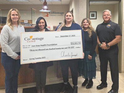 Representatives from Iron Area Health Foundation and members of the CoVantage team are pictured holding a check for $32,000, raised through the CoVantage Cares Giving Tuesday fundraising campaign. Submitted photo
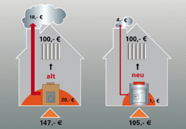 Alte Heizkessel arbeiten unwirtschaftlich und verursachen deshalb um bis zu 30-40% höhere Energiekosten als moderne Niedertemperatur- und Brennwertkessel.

=-=-=-=-=

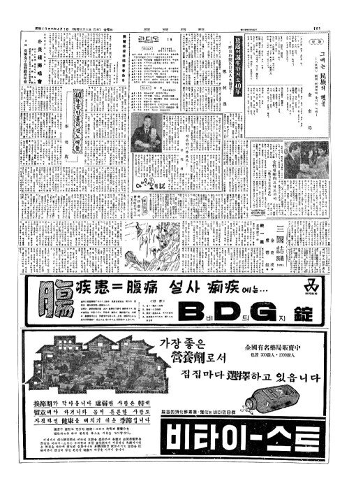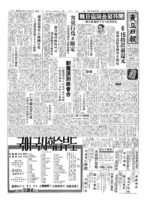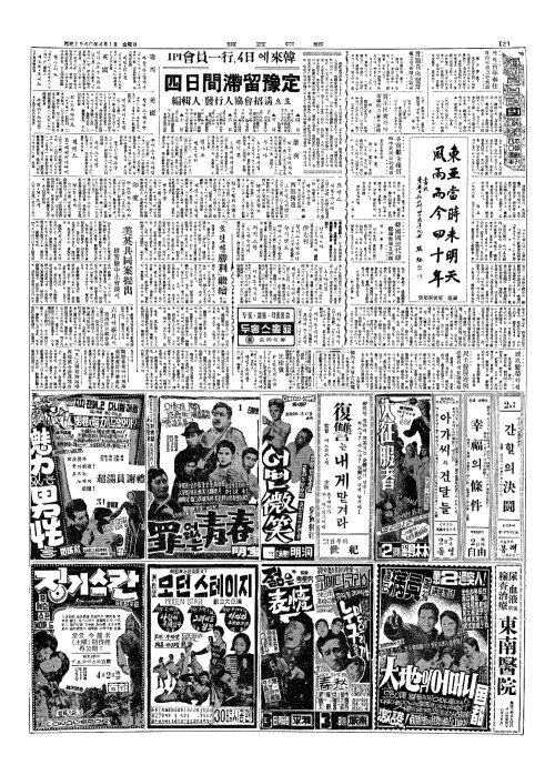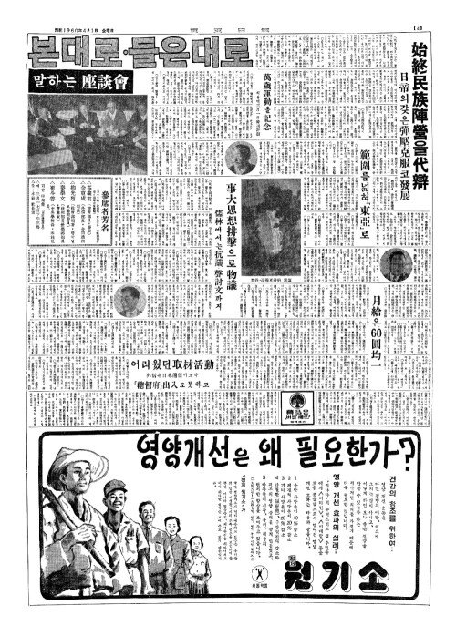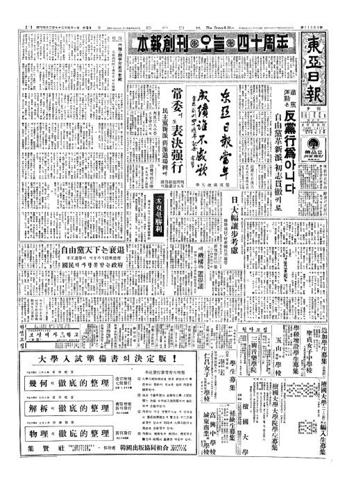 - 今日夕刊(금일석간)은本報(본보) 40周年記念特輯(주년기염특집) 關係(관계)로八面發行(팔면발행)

=-=-=-=-=

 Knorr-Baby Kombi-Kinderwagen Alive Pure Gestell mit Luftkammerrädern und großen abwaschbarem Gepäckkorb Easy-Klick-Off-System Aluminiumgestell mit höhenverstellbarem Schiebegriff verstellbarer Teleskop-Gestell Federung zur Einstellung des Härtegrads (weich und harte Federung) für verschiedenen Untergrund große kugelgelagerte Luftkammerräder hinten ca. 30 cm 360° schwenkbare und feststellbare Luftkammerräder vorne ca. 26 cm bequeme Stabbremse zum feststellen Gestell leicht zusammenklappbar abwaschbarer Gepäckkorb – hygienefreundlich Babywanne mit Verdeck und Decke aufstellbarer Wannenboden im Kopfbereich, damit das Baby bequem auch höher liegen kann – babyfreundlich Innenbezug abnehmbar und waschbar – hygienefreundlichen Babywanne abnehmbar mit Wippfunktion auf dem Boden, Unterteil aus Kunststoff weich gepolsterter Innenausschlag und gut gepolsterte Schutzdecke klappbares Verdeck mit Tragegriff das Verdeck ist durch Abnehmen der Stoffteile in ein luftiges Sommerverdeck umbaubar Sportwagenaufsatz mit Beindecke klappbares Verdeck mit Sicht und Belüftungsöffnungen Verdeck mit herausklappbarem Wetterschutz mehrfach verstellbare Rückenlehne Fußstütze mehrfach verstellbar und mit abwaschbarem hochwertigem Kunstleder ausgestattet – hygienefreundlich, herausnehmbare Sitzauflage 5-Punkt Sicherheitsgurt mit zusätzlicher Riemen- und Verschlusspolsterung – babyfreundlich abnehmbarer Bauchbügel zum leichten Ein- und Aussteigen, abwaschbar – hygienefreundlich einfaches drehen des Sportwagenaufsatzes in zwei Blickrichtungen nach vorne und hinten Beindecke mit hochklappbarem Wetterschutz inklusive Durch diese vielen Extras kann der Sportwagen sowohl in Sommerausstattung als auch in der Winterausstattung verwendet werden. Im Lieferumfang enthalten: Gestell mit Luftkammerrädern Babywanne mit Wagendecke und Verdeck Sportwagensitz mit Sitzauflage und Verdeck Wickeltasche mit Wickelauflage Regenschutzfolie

=-=-=-=-=

### Task details
Taking the material above, give again exactly the lines from the one holding "Representatives from Iron" through the one holding "Alte Heizkessel arbeiten", with both ends and without pictures.

### Response
 Representatives from Iron Area Health Foundation and members of the CoVantage team are pictured holding a check for $32,000, raised through the CoVantage Cares Giving Tuesday fundraising campaign. Submitted photo
 Alte Heizkessel arbeiten unwirtschaftlich und verursachen deshalb um bis zu 30-40% höhere Energiekosten als moderne Niedertemperatur- und Brennwertkessel.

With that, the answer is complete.